Vanguard VYM Offers Broader Diversification Than NOBL

Source The Motley Fool

Key Points

  • The Vanguard High Dividend Yield ETF and the ProShares S&P 500 Dividend Aristocrats ETF differ in cost.

  • The Vanguard High Dividend Yield ETF holds 589 stocks.

  • The ProShares S&P 500 Dividend Aristocrats ETF comes with higher fees than the Vanguard High Dividend Yield ETF.

  • These 10 stocks could mint the next wave of millionaires ›

The Vanguard High Dividend Yield ETF (NYSEMKT:VYM) and the ProShares - S&P 500 Dividend Aristocrats ETF (NYSEMKT:NOBL) differ most in cost, breadth, and yield: VYM holds 589 stocks and charges lower fees, while NOBL targets S&P 500 dividend consistency.

The Vanguard High Dividend Yield ETF tracks a broader index, holding hundreds of U.S. stocks forecasted to pay above-average dividends. VYM stands out as more affordable, with a 0.06% fee as of Oct. 31, 2025—less than one-fifth of NOBL’s 0.35%—potentially appealing for cost-conscious, income-seeking investors.
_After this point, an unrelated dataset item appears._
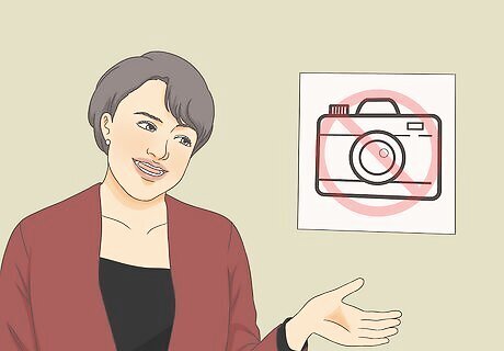 Ask about the gallery’s photography policy before taking photos. Some galleries do not allow photography, and nearly every gallery will ask you to turn off the camera’s flash to preserve the art. You may find this information on signs throughout the gallery, or you can ask a gallery employee directly. If you are allowed to take photos of the art, be sure to take photos of the labels too. This way you will know the name of the piece and the name of the artist when viewing the photograph later on.

Here’s how these two income-focused ETFs compare.

Snapshot (cost & size)

MetricNOBLVYM
IssuerProSharesVanguard
Expense ratio0.35%0.06%
1-yr return (as of Oct. 31, 2025)(1.8%)10.0%
Dividend yield2.1%2.5%
Beta0.86N/A
AUM$11.1 billion$81.3 billion

Beta measures price volatility relative to the S&P 500; figures use five-year weekly returns.
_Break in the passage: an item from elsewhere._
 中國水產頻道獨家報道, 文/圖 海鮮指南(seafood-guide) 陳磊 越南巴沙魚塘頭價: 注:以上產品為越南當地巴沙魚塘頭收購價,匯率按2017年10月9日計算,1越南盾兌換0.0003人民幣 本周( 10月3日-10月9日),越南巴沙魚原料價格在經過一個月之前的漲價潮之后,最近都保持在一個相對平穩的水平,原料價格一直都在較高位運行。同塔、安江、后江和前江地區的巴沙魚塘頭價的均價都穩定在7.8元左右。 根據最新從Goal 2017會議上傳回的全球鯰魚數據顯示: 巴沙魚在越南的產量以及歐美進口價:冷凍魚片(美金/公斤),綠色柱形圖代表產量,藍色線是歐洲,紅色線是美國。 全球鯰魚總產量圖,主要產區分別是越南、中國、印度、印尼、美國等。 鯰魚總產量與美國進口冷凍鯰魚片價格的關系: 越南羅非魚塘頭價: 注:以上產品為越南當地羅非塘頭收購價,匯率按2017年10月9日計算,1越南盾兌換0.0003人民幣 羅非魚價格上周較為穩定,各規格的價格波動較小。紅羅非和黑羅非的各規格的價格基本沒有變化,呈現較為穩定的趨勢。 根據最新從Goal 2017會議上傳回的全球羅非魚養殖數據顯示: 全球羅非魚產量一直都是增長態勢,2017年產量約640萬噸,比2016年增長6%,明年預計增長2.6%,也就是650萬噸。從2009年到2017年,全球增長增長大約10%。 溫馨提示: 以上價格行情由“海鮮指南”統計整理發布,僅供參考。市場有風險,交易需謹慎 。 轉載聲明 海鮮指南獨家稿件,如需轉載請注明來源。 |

Performance & risk comparison

MetricNOBLVYM
Max drawdown (5 y)(17.92%)(15.85%)
Growth of $1,000 over 5 years$1,396$1,734

What's inside

Vanguard High Dividend Yield ETF holds 589 U.S. stocks, tilting toward Financial Services (22%), Technology (16%), and Healthcare (12%). Its top holdings—Broadcom Inc (NASDAQ:AVGO), JPMorgan Chase (NYSE:JPM), and Exxon Mobil (NYSE:XOM)—each make up a small slice of the portfolio. The fund, now 19 years old, follows a rules-based approach to capture companies with forecasted above-average dividend yields.
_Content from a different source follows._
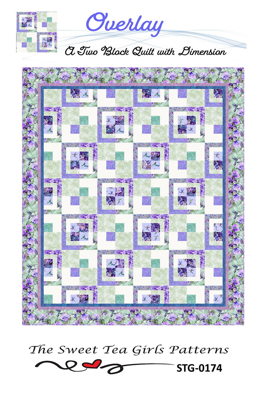 Overlay is an easily pieced two-block quilt that is great for confident beginners. The quilt can be made in either batiks or cotton prints with the same overlaid design results. The pattern includes instructions for both the 74" x 86" cover version as well as a smaller 62" x 74" size.

The ProShares - S&P 500 Dividend Aristocrats ETF, by contrast, is built around long-term dividend growth, with 70 stocks equally weighted and capped sector exposure. Consumer Defensive, Industrials, and Financial Services dominate. Notable holdings include C.H. Robinson Worldwide (NASDAQ:CHRW), Cardinal Health (NYSE:CAH), and Caterpillar (NYSE:CAT), each at just 0.02% of assets. NOBL’s approach is narrower, focusing on proven dividend raisers within the S&P 500 universe.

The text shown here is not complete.